--- INPUT Enclosed Below ---
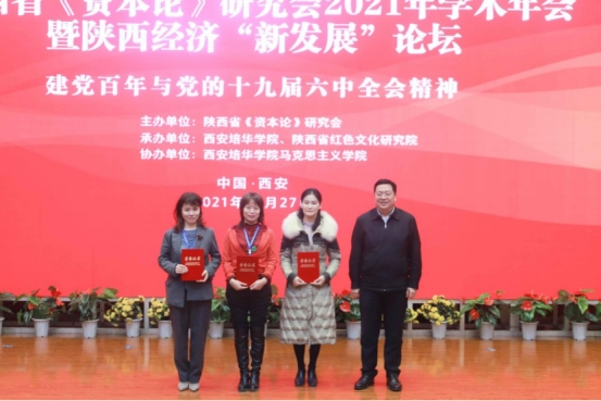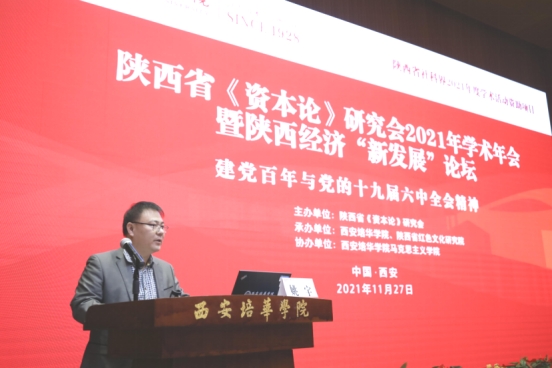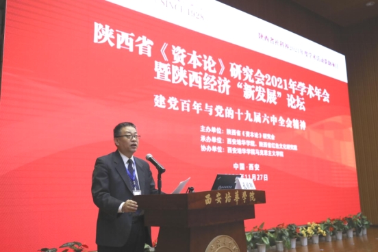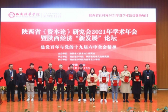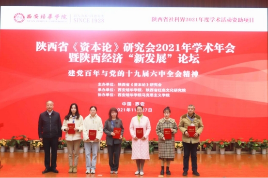 11月27日,陕西省《资本论》研究会2021年学术年会暨陕西经济“新发展”论坛在星空·官方站网页版图书馆报告厅举办。本次学术年会由陕西省《资本论》研究会主办,星空·官方站网页版、陕西省红色文化研究院承办,星空·官方站网页版马克思主义学院协办。来自西安交通大学、陕西师范大学、西北工业大学、西北大学、西北农林科技大学、西安石油大学、西安工业大学、西安财经大学、西安科技大学、中共陕西省委党校、陕西省社科院等单位50余名专家学者以及学校马克思主义学院全体教师参加了此次会议。开幕式和颁奖环节由陕西省《资本论》研究会副会长、西北工业大学胡红安教授主持。
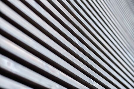 Metallic black striped surface of building wall
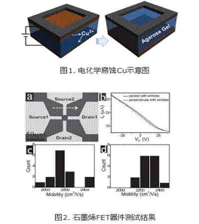 石墨烯作為一種新型的二維碳材料,由于其優(yōu)異的電學(xué)、光學(xué)性質(zhì)以及穩(wěn)定的化學(xué)特性,在微電子領(lǐng)域具有廣闊的應(yīng)用前景。化學(xué)氣相沉積方法是取得高質(zhì)量石墨烯的重要途徑之一,但將石墨烯從金屬表面向目標(biāo)襯底的轉(zhuǎn)移是制約該方法推廣的“瓶頸”。四室研究團隊創(chuàng)造性地采用瓊脂糖凝膠作為固體電解質(zhì),利用電化學(xué)方法實現(xiàn)了石墨烯的綠色高效轉(zhuǎn)移。該轉(zhuǎn)移方法可推廣至大尺寸石墨烯薄膜的制備,為石墨烯的大規(guī)模應(yīng)用提供了可行的途徑。
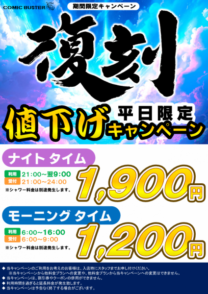★【復刻キャンペーン】平日限定値引きキャンペーン!
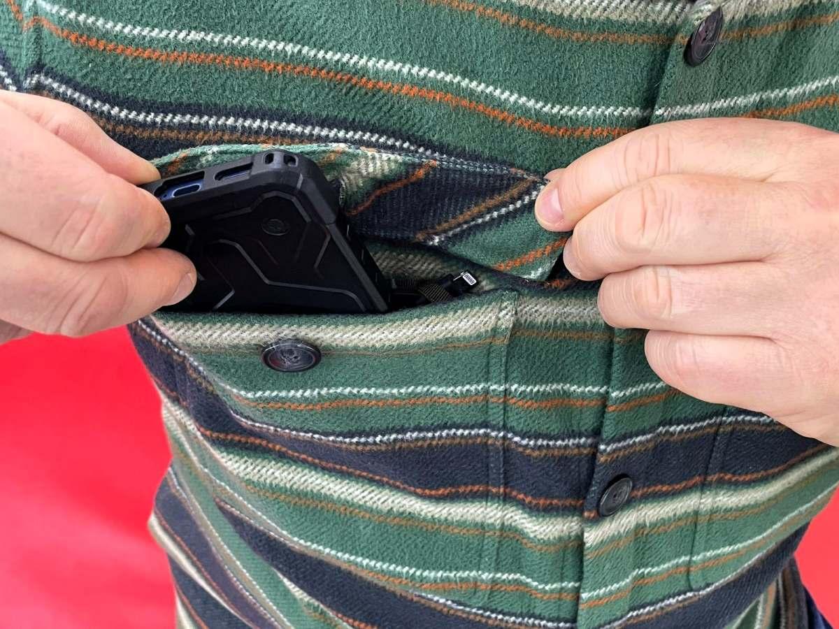 Früher nutzten die Navajos Rauchzeichen, heute hingegen greifen sie auf moderne Kommunikationsmittel zurück. Auch in Zeiten, in denen man mehr Bluetooth-fähige Kopfhörer trägt, sind die beiden Brusttaschen auf der dem Körper zugewandten Seite praktisch, da sie jeweils über einen Kabeldurchlass verfügen, um Lade- oder Kopfhörerkabel durchführen zu können.
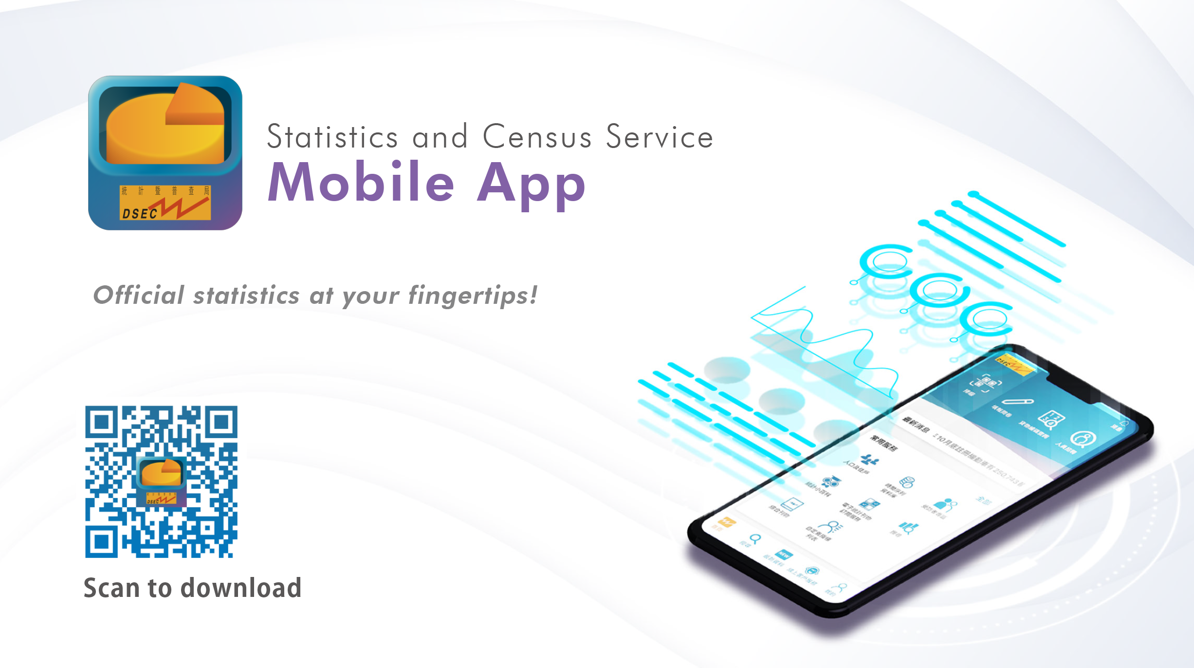 為方便公眾隨時隨地獲取澳門官方統計資料,統計暨普查局推出了全新版的手機應用程式,新增服務功能提升使用者查找統計數據的體驗和便利性。
--- End of Enclosed INPUT ---
[EXERCISE BRIEF] Type the lines above out again exactly as they appear, skipping every picture.

[ANSWER FOR THIS EXERCISE]
 11月27日,陕西省《资本论》研究会2021年学术年会暨陕西经济“新发展”论坛在星空·官方站网页版图书馆报告厅举办。本次学术年会由陕西省《资本论》研究会主办,星空·官方站网页版、陕西省红色文化研究院承办,星空·官方站网页版马克思主义学院协办。来自西安交通大学、陕西师范大学、西北工业大学、西北大学、西北农林科技大学、西安石油大学、西安工业大学、西安财经大学、西安科技大学、中共陕西省委党校、陕西省社科院等单位50余名专家学者以及学校马克思主义学院全体教师参加了此次会议。开幕式和颁奖环节由陕西省《资本论》研究会副会长、西北工业大学胡红安教授主持。
 Metallic black striped surface of building wall
 石墨烯作為一種新型的二維碳材料,由于其優(yōu)異的電學(xué)、光學(xué)性質(zhì)以及穩(wěn)定的化學(xué)特性,在微電子領(lǐng)域具有廣闊的應(yīng)用前景。化學(xué)氣相沉積方法是取得高質(zhì)量石墨烯的重要途徑之一,但將石墨烯從金屬表面向目標(biāo)襯底的轉(zhuǎn)移是制約該方法推廣的“瓶頸”。四室研究團隊創(chuàng)造性地采用瓊脂糖凝膠作為固體電解質(zhì),利用電化學(xué)方法實現(xiàn)了石墨烯的綠色高效轉(zhuǎn)移。該轉(zhuǎn)移方法可推廣至大尺寸石墨烯薄膜的制備,為石墨烯的大規(guī)模應(yīng)用提供了可行的途徑。
★【復刻キャンペーン】平日限定値引きキャンペーン!
 Früher nutzten die Navajos Rauchzeichen, heute hingegen greifen sie auf moderne Kommunikationsmittel zurück. Auch in Zeiten, in denen man mehr Bluetooth-fähige Kopfhörer trägt, sind die beiden Brusttaschen auf der dem Körper zugewandten Seite praktisch, da sie jeweils über einen Kabeldurchlass verfügen, um Lade- oder Kopfhörerkabel durchführen zu können.
 為方便公眾隨時隨地獲取澳門官方統計資料,統計暨普查局推出了全新版的手機應用程式,新增服務功能提升使用者查找統計數據的體驗和便利性。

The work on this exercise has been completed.